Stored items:
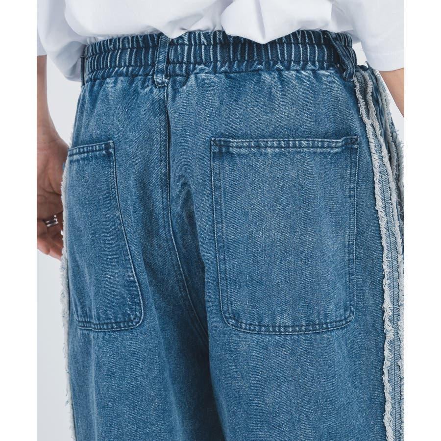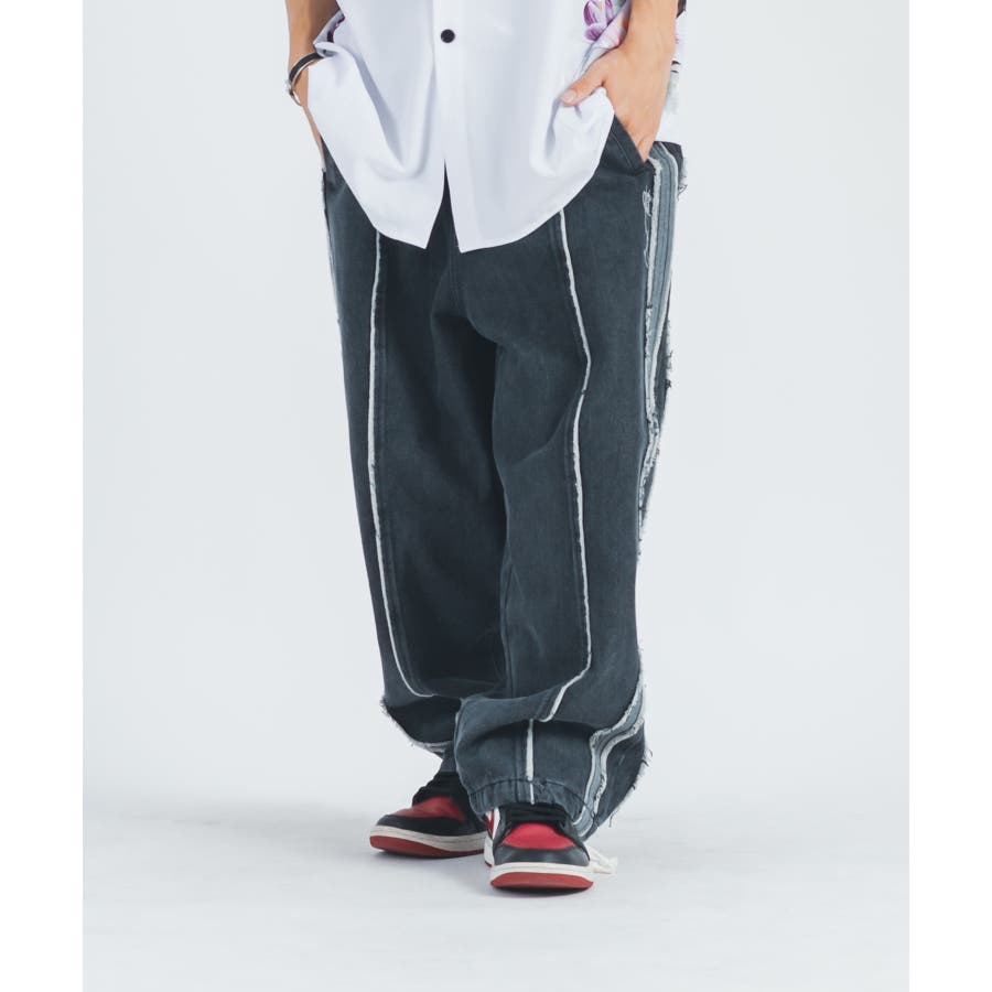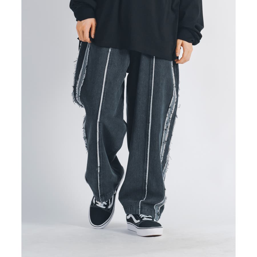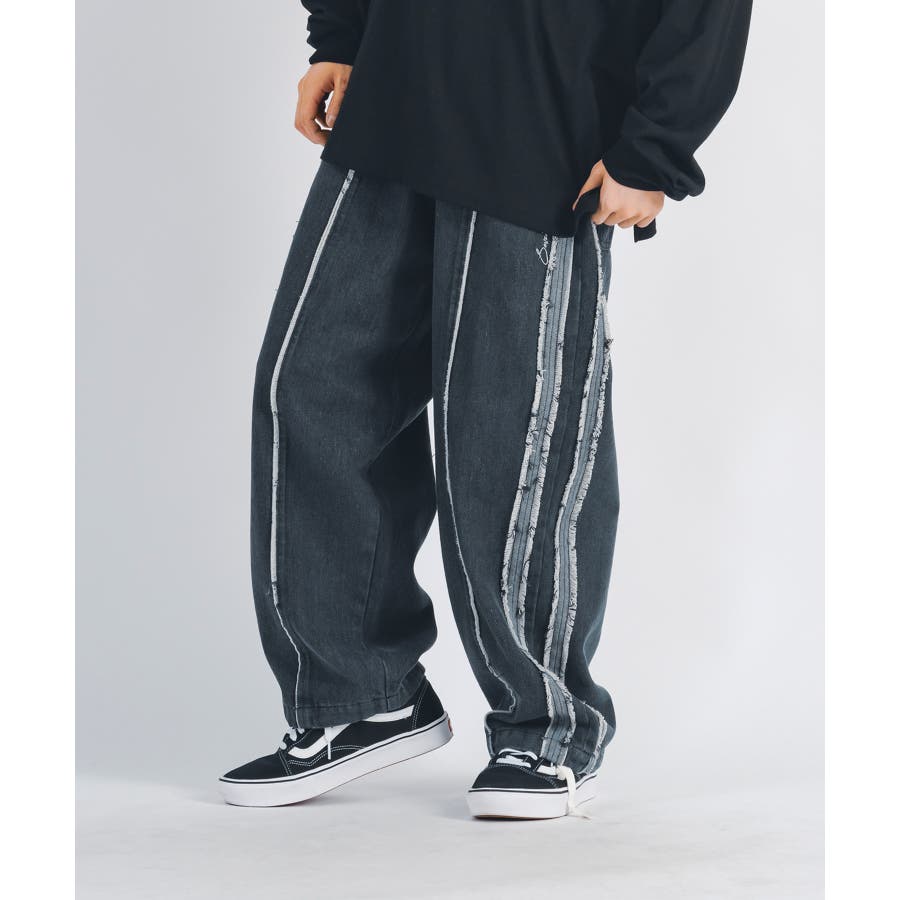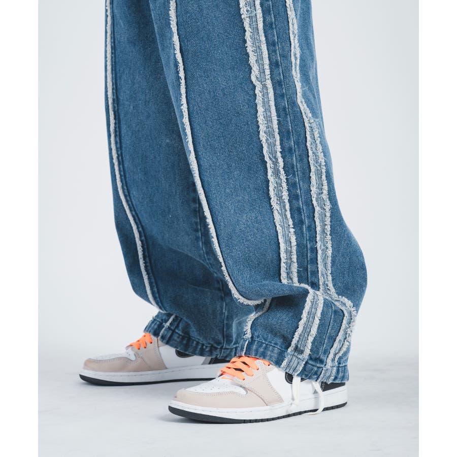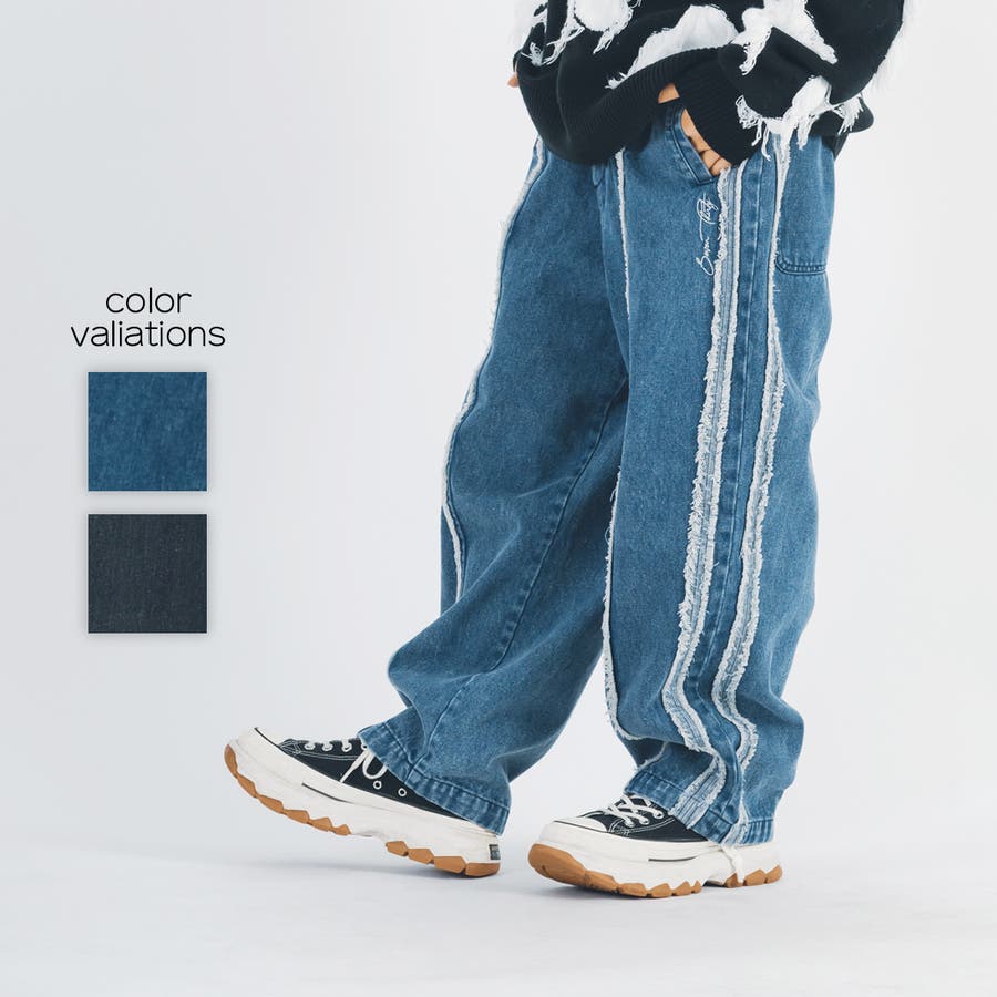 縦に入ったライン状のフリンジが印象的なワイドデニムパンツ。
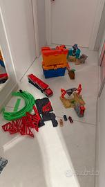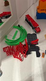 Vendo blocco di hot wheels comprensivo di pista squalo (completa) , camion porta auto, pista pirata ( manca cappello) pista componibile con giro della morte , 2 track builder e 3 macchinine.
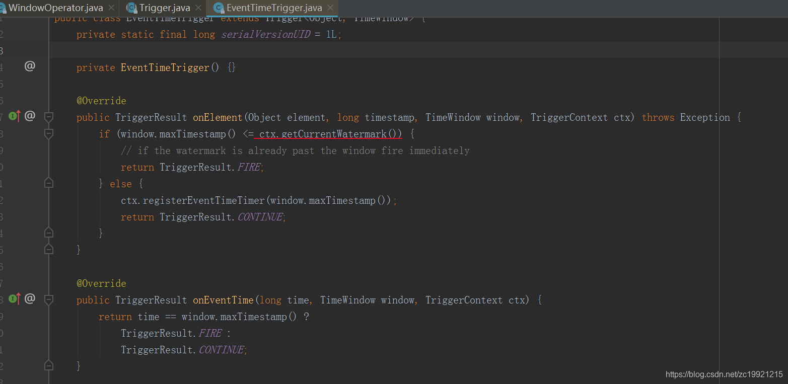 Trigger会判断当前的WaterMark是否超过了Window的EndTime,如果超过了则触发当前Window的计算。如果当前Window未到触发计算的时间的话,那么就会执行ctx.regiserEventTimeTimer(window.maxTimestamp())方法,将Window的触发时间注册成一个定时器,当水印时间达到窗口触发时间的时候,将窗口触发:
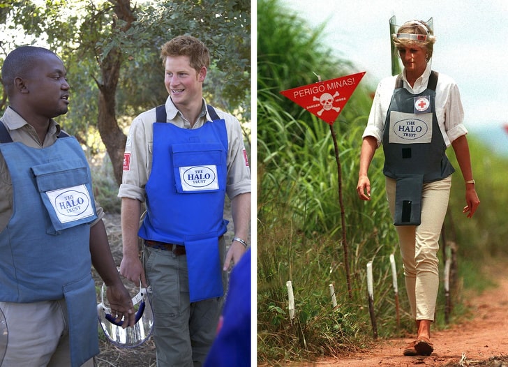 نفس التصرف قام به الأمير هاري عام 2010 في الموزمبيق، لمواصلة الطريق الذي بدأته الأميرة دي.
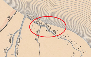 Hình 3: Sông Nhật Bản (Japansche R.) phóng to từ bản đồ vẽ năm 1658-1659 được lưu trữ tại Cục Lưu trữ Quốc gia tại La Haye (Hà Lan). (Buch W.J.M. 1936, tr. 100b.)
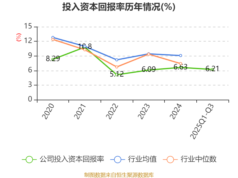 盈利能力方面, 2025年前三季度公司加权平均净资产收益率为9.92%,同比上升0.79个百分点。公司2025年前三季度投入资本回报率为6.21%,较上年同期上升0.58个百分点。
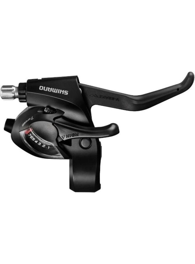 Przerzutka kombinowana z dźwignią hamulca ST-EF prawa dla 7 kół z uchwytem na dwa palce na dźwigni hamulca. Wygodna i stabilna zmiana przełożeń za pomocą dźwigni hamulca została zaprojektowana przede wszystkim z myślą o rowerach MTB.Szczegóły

WORK INSTRUCTIONS:
Exact repeats of the lines from the first one in the data through the line containing "نفس التصرف قام" make up the answer. Pictures do not.

REPLY TO THE EXERCISE:
 縦に入ったライン状のフリンジが印象的なワイドデニムパンツ。
 Vendo blocco di hot wheels comprensivo di pista squalo (completa) , camion porta auto, pista pirata ( manca cappello) pista componibile con giro della morte , 2 track builder e 3 macchinine.
 Trigger会判断当前的WaterMark是否超过了Window的EndTime,如果超过了则触发当前Window的计算。如果当前Window未到触发计算的时间的话,那么就会执行ctx.regiserEventTimeTimer(window.maxTimestamp())方法,将Window的触发时间注册成一个定时器,当水印时间达到窗口触发时间的时候,将窗口触发:
 نفس التصرف قام به الأمير هاري عام 2010 في الموزمبيق، لمواصلة الطريق الذي بدأته الأميرة دي.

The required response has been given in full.